The credit industry wants more personal data about borrowers. Photo / Brett Phibbs
The credit industry wants more personal data about borrowers. Photo / Brett Phibbs

You have kept up with your mortgage diligently during the past two years, maybe even paying off more than you have to.

Or perhaps you miscalculated one month and were late with the car payment.

This is the kind of information the credit industry argues could give them a better picture of your creditworthiness.

The suggestion is being made in submissions to the Privacy Commissioner, who is reviewing whether credit providers should have more access to your personal data.

Even the Federation of Family Budgeting Services believes credit agencies and financiers should be able to find out more about your habits in the two years prior to giving you a loan.

Lenders and credit bureaux now only have access to a limited amount of "negative" information - such as whether you've been bankrupted or defaulted on bills.

The Office of the Privacy Commissioner is considering a move to "positive" credit reporting - whereby lenders could know what types of credit you have, who the provider is, the limit, and whether the account is open or closed.

But many in the credit industry are calling for the changes to go further. They say lenders should also be able to see how much has been advanced on the account - your credit card limit may be $10,000 but your current balance is $5000 - and whether you have met all your payments during the past two years.

Federation of Family Budgeting Services CEO Raewyn Fox said this kind of information would give credit providers a better picture, possibly enabling the borrower to qualify for a higher quality loan.

"We're just coming from the point of view of people we don't want pushed into the arms of fringe lenders. You have one stuff up and you have a bad credit rating forever and a day."

John Roberts, country manager for credit bureau Veda Advantage, said knowing the credit limit alone was little value. Lenders also needed the person's payment track record. "If someone's had a history of missing payments, again that is very predictive of likely risk."

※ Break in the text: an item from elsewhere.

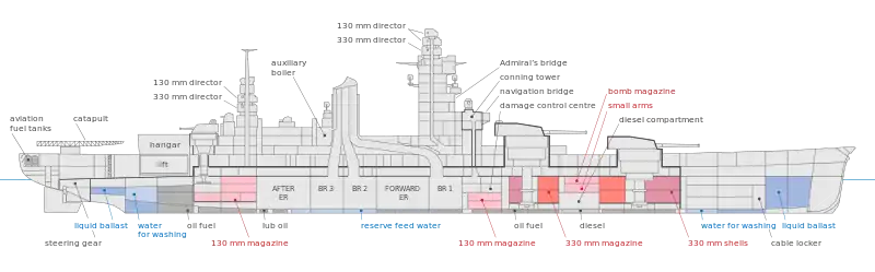 | Armement | 2 tourelles de 4 canons de 330 mm 3 tourelles quadruple et 2 double de canons AA de 130 mm 5 tourelles AA double de 37 mm 4 tourelles AA double de mitrailleuses de 13,2 mm |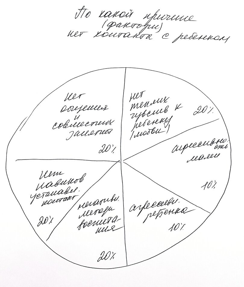 Рассмотрим один из свежих примеров применения данной техники. В ходе беседы с клиенткой, столкнувшейся с трудностями в воспитании ребенка, были выявлены три ключевых фактора, влияющие на конфликты: недостаток родительских навыков, особенности развития ребенка и отсутствие совместного времени.

In its submission to the Privacy Commissioner, finance company GE Money said the number of people being declared bankrupt or approved for the brankruptcy alternative, the No Asset Procedure regime had been on the rise.

"Increasingly borrowers are becoming indebted to multiple credit providers, with the practical result that each provider sees only a small portion of the borrower's complete financial circumstances."

It calculates the "negative" credit reporting system gives only a 10 per cent picture of a person's true credit risk. The changes proposed so far would provide an additional 20 per cent, it said. Including current account balances and 24 months' payment history would boost that to 50 per cent.

"There is empirical evidence from a number of countries that ... positive reporting leads to significantly reduced default rates," GE said.